Introduction

Loss and function impairment of skeletal muscle is a common skeletal disorder affecting millions of people worldwide, especially in the elderly. Its most severe outcome is to predispose people to sarcopenia. It is also related to a series of other diseases and health problems, such as osteoporosis (MIM 166710), fracture, impaired protein balance, dyslipidemia (MIM 151660), obesity (MIM 601665), insulin resistance, overall frailty and increased mortality.1, 2 Skeletal muscle is characterized by the measurement of lean body mass (LBM), which is the single best predictor for sarcopenia. LBM is highly inheritable, with estimated heritability ranging from 52 to 84%.3, 4, 5 However, only a few genes for LBM have so far emerged,6 leaving the majority of the genetic background of LBM still unknown.

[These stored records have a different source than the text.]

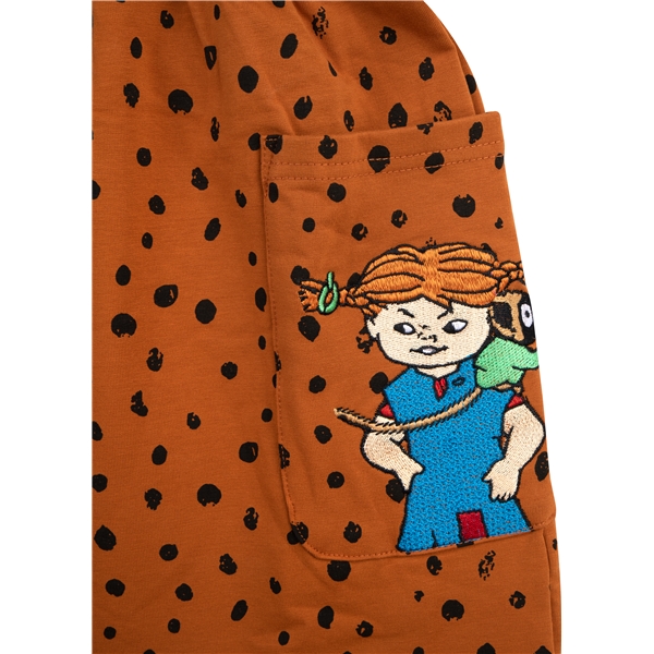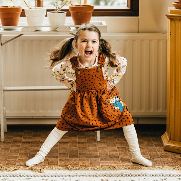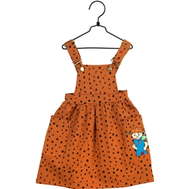 En myk og behagelig grimekjole i genserkvalitet med børstet innside. Kjolen er sort prikkete og den har påsydde lommer foran. Den ene lommen er dekorert med et Pippi Langstrømpebroderi. Midjen er elastisk og de justerbare selene krysser ryggen, og holder dem perfekt på plass.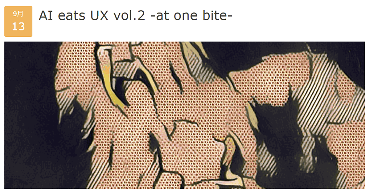AIに関心があるUX関係者・デジタルサービス開発者のための勉強会/LT会「AI eats UX」の第2回を、UX TOKYOが9月13日(水)に京橋で開催する。
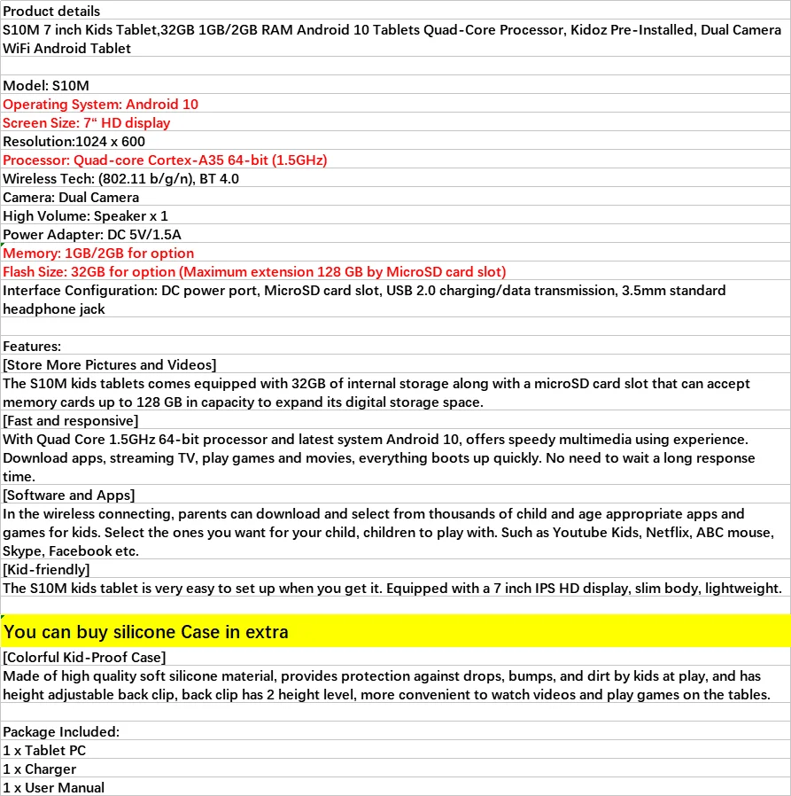 S10M7inchKidsTablet,32GB1GB/32Гб, KidozPre-установлен, DualCameraWiFiAndroidTablet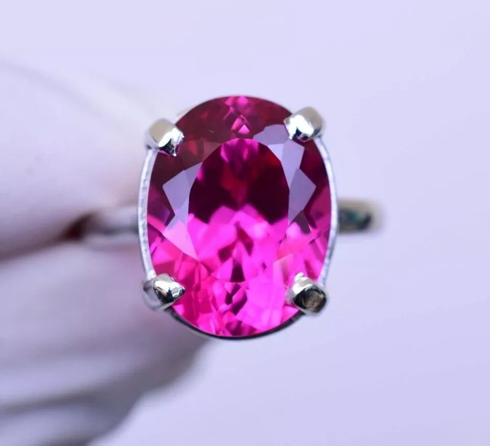 как выглядит 925 Sterling Silver Ring Natural Rose Pink Ruby Oval Wedding Ring Certified фото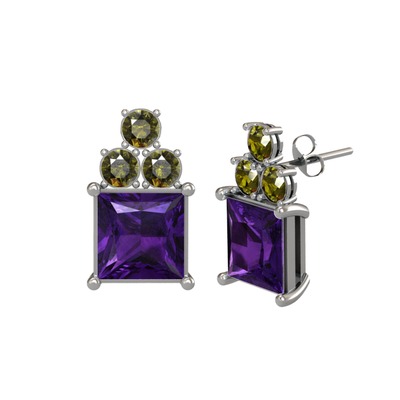 Ametist ve peridot 925 ayar gümüş küpe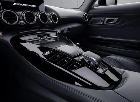 因此AMG GT Black Series在整体设计上大量借鉴AMG GT3的设计,但为了追求更轻,全车大部分使用碳纤维材质打造,连传动轴都没有放过,碳纤维化的传动轴仅为13.9公斤重。不能使用碳纤维的地方比如座舱内门把手,用了皮革材质,后挡风玻璃用了超轻玻璃。其他的零部件也使用了轻量化铝合金来打造。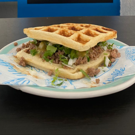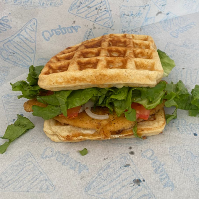 Waffle crujiente relleno de pollo jugoso, lechuga fresca, jitomate, cebolla, mostaza y aderezo ranch cremoso.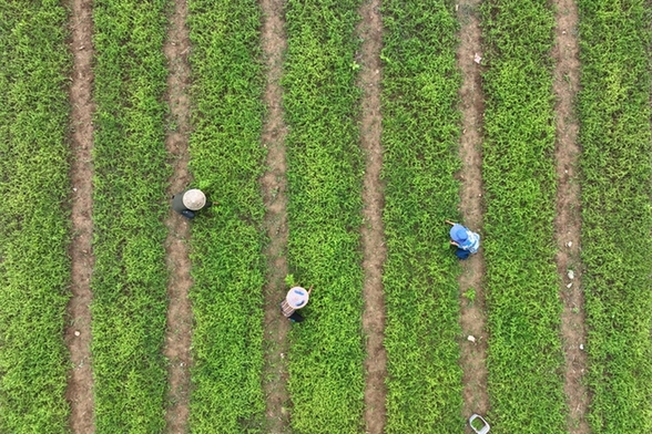 岑鞏縣天馬鎮雷公田村,村民在選高粱秧苗。(萬再祥 攝)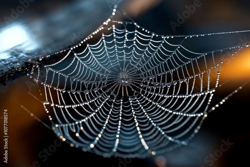 Hyper-realistic close-up of a dew-covered spiderweb in the morning, with fine details of each strand and droplet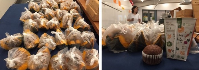 이번 밥상 준비를 한 '건강한 농부 사회적 협동조합'에서도 참여자들에게 감사한 마음의 표시로 단호박을 나눠 훈훈한 현장을 목격했다.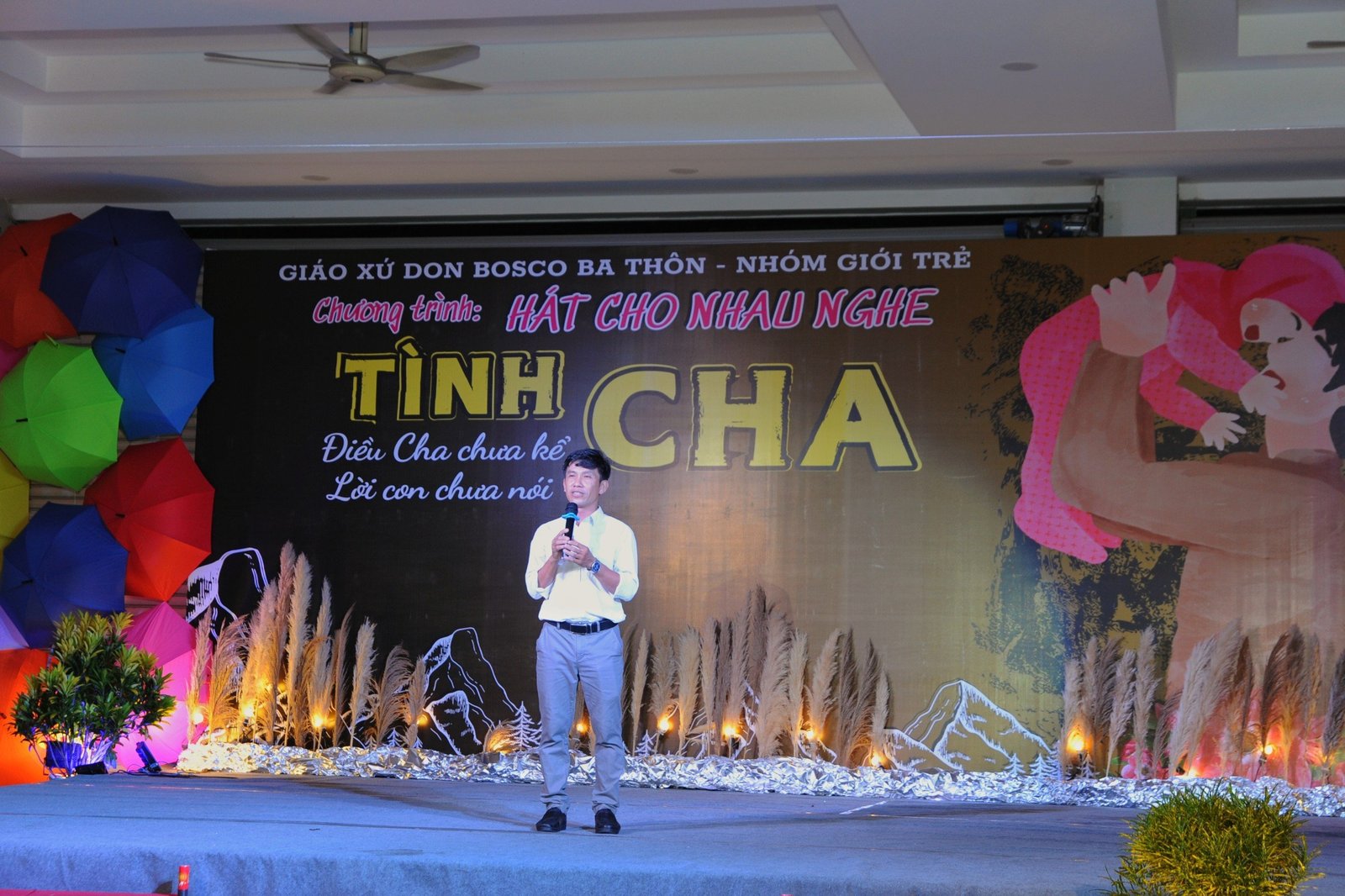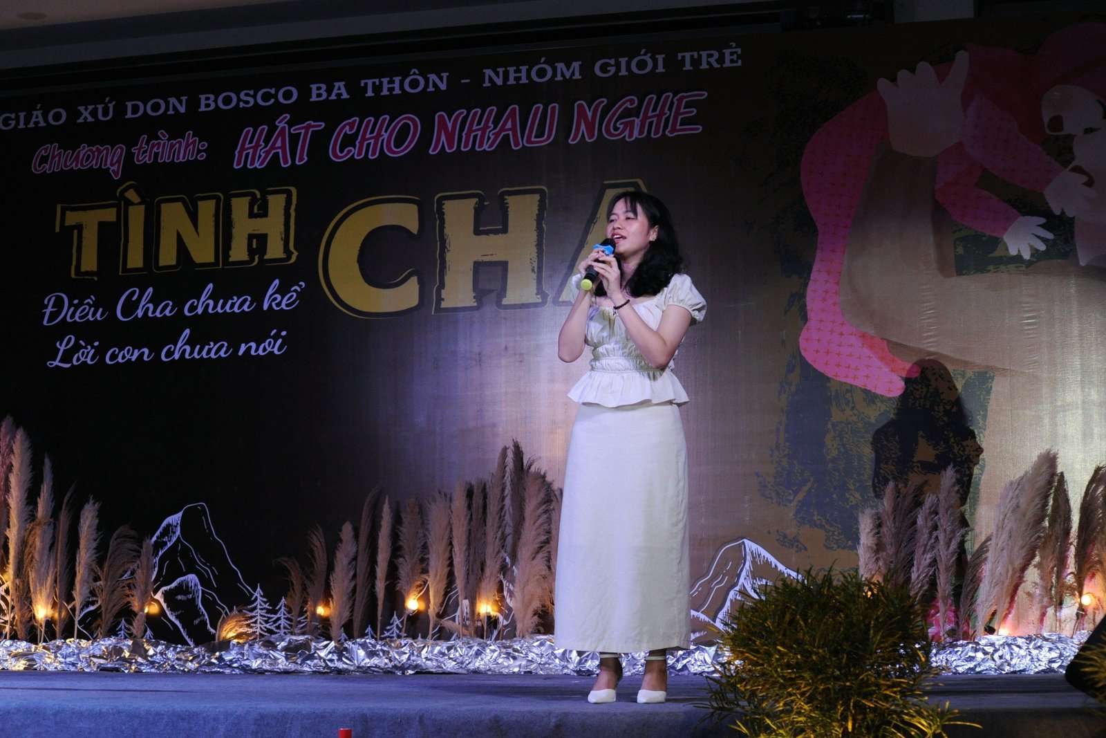 Đêm văn nghệ diễn ra với chủ đề: “Tình Cha”, đã được các bạn Giới trẻ cũng như khách mời thể hiện các ca khúc về người cha thật tâm tình sâu lắng. Qua đó thể hiện tâm tình biết ơn về tất cả những hy sinh gian khó mà đấng sinh thành dưỡng dục đã và đang làm cho con cái của mình.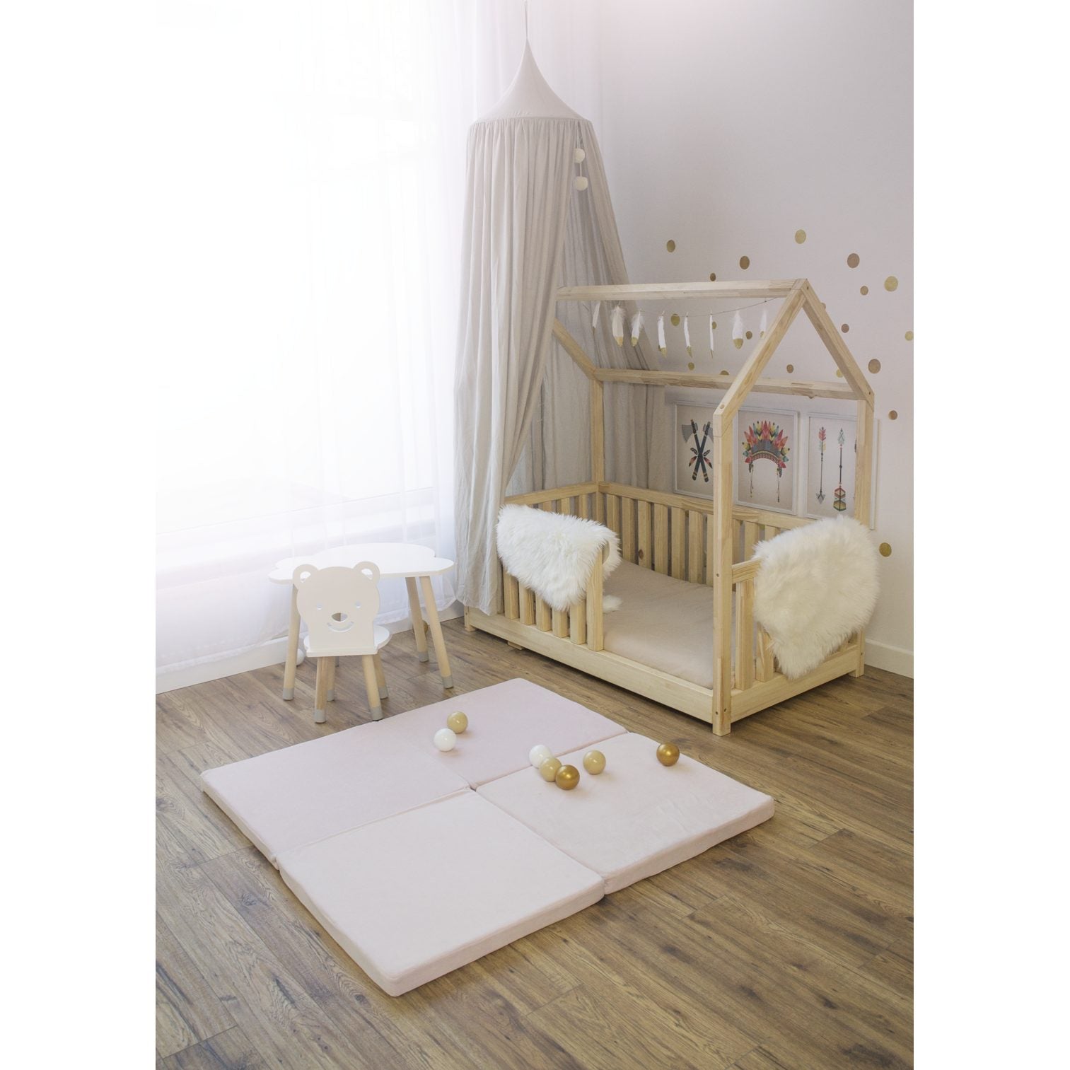 There are more applications for the child mat, which is its main advantage. The mat we present in our shop will be perfect as a carpet, it may be placed under the teepee tent or the canopy as well as it may constitute an integral part of the MeowBaby ball pit. Soft mat placed under the ball pit will not only look great but also will cushion the fall of the toddler and will isolate him from the cold floor. Placed in the garden, on the terrace or on the beach will create a comfortable place for playing and rest.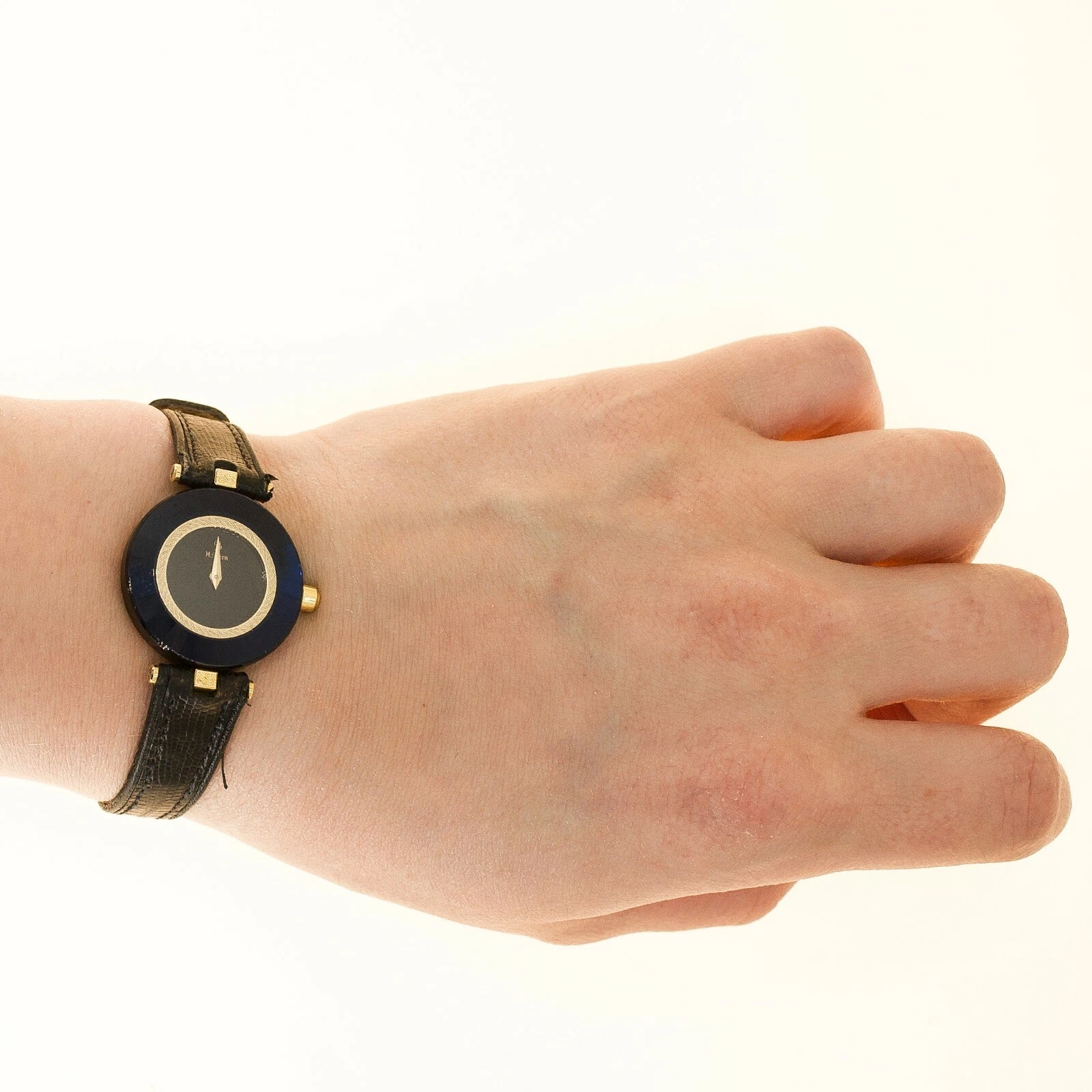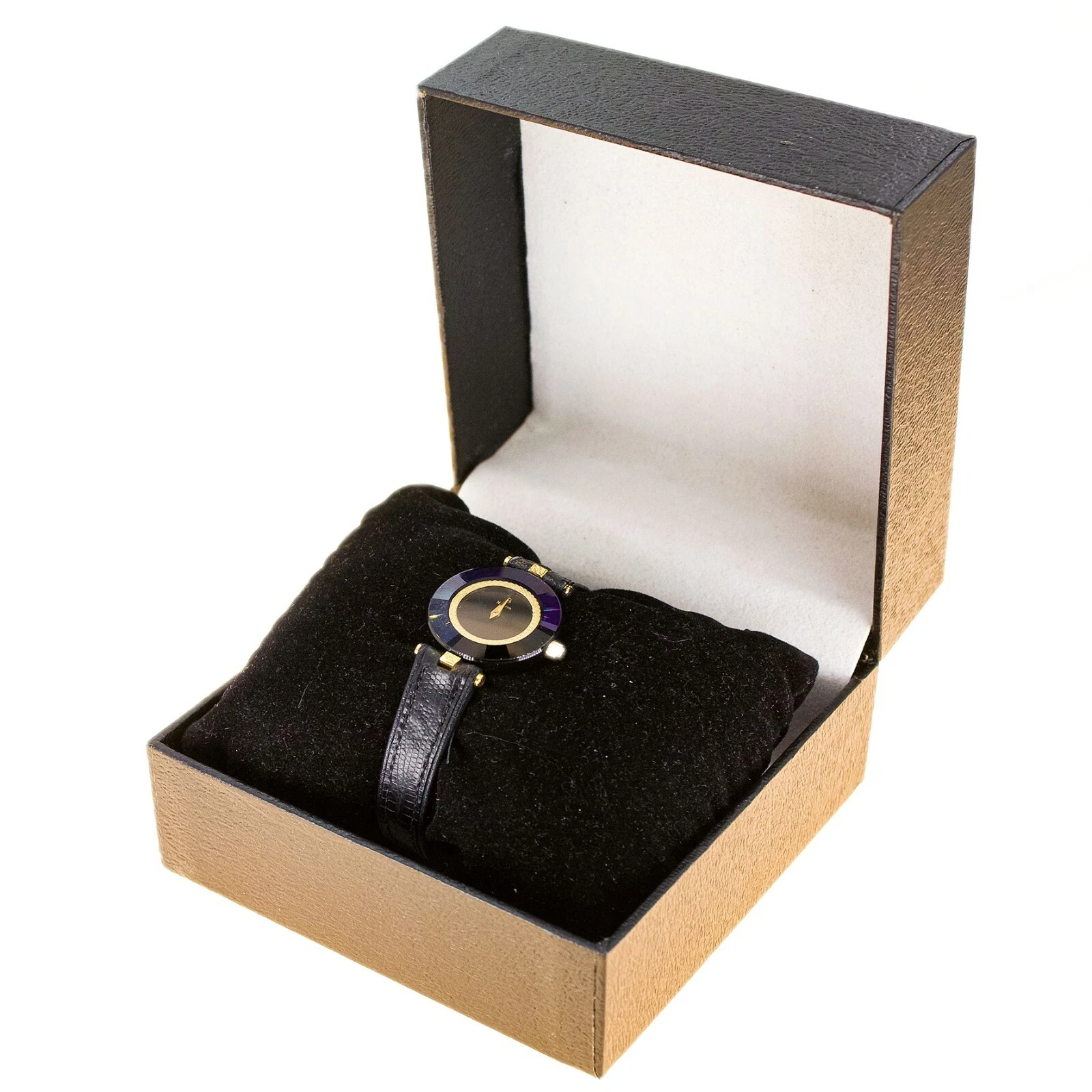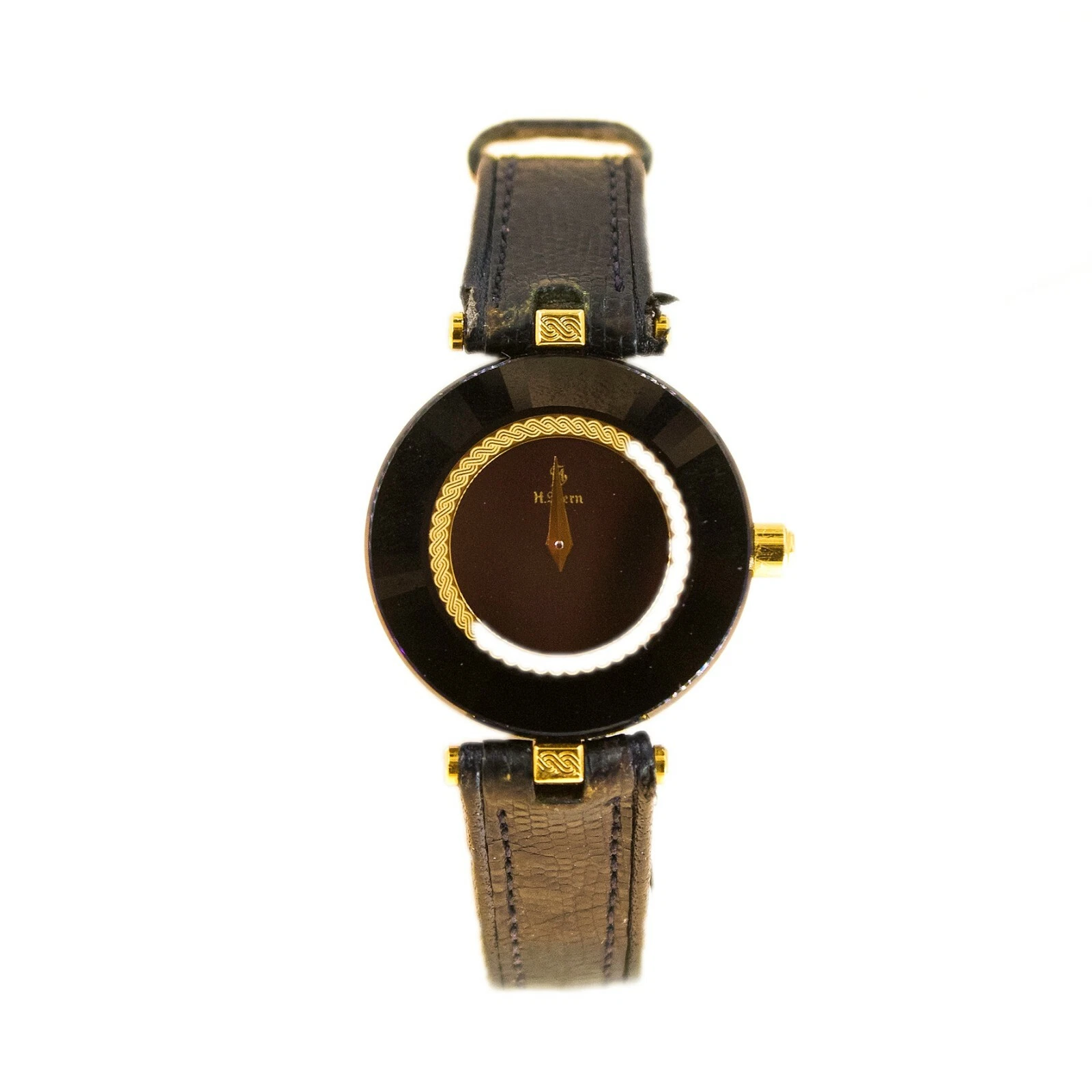 H STERN Sapphire Glass 18k Gold Womens Watch Black Leather Strap UK BHS

Traditional association analysis has focused largely on single nucleotide polymorphisms (SNPs). This assessment of SNP variation has proven fruitful; hundreds of common variants have been found to be associated with diseases such as obesity, osteoporosis, type 2 diabetes and immunological disease.7 However, recent studies have shown that another type of genomic variation, copy number variations (CNVs), has a significant role in influencing common diseases as well, and are likely to be at reasonably high frequencies in the population. Recent data imply that CNVs account for up to 4 Mb of genetic differences, whereas that for SNP variation is only 2.5 Mb.8 The widespread distribution of CNVs across the genome has made it an important type of genetic variation for identifying disease-associated genetic loci. Many diseases are found to be associated with copy number (CN) changes, including osteoporosis,9 lupus glomerulonephritis,10 autism,11 and HIV infection and progression.12 Therefore, investigation of CNVs would contribute to unravel the genetic basis of complex diseases and phenotypes. Nonetheless, to the best of our knowledge, there is no CNV-aimed association study on LBM reported. It is largely unknown whether CNV underlies the variation of LBM. In this study, we report a CNV-based genome-wide association study (GWAS) to identify genetic loci influencing LBM variation.

Materials and methods

Study subjects

The study sample consisted of 1627 (802 males and 825 females) unrelated Chinese-Han subjects living in the cities of Xi’an/Changsha and their neighboring areas. The study was approved by the local institutional review board. After signing an informed consent, all subjects received assistance in completing a structured questionnaire including questions about anthropometric variables, lifestyle, diet, family information and medical history, and so on.

Phenotyping

The cohort was recruited for studies aimed in searching for genes underlying body compositions (bone mass, fat mass and lean mass). Body composition was measured using a dual-energy X-ray absorptiometry scanner Hologic QDR 4500W (Hologic Inc., Bedford, MA, USA), following the manufacturer's protocol. A dual-energy X-ray absorptiometry scan can accurately measure total body and regional bone mass, fat mass and fat-free mass. Lean mass is calculated by taking bone mass away from fat-free mass.13, 14 After removal of all metals, a subject laid on a bed and was scanned from head to toe. Whole body composition, body compositions at sub-regions, such as head, trunk and limb, were measured by the dual-energy X-ray absorptiometry scanner.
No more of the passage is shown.